The conditions made for a difficult day of golf, however. None of the 18 players in the field made it around without a bogey.

“It was tough just to grab the right club and commit to the shot because the wind was all over the place,” said Stricker, who joined playing partner Woods on 69 with a 40-foot birdie putt at 18.

“K.J.’s playing an amazing round because he’s got most of it in the wind,” said Woods, who played three groups in front of Choi and took advantage of the calm early conditions to birdie four of his first five holes.

“For him to play that well that early and then keep it going is one hell of a round.”

Choi, whose 2011 US PGA Tour season featured a career-high eight top 10s — including a victory at The Players Championship — said he gets plenty of practice playing in the wind in Dallas, where he has a US home.

“I’m used to practising in those conditions. I’ve become very comfortable in those windy conditions,” Choi said. “My mindset was just to try and make par and try to be patient.”

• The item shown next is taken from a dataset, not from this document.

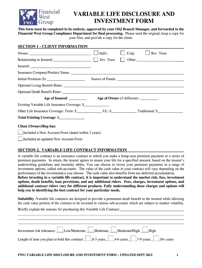 PRINT FORM CLEAR FORM VARIABLE LIFE DISCLOSURE AND INVESTMENT From This form must be completed in its entirety, approved by your OSI Branch Manager, and forwarded to the Financial West Group Compliance

Woods, the 14-time major champion who hasn’t won in more than two years, finished with six birdies and three bogeys and said the conditions offered little chance to assess the state of his game.

“It was hard to tell anything out there because it was just dancing all over the place,” said Woods, who arrived in California confident that he could continue the solid form he displayed in a fortnight of competition in Australia.

After back-to-back bogeys at 15 and 16 dropped him to two-under, Woods smacked in a birdie putt at 17 to get back to three-under. Had it missed, he said, it would have gone several feet past.

“Thank God it went in,” Woods said.

Americans Nick Watney, Jim Furyk and Rickie Fowler were tied on 71, the only other players to break par.

American Matt Kuchar got as low as four-under but was undone by a triple-bogey eight at the par-five 16th en route to an even par 72.

Australian Jason Day was three-under through 15 before back-to-back double-bogeys at 16 and 17. Nursing a sore right thumb after playing out of the trees at 17, he closed with a bogey that left him two-over.

Given the potential for disaster on the day, Woods was more than satisfied with his position.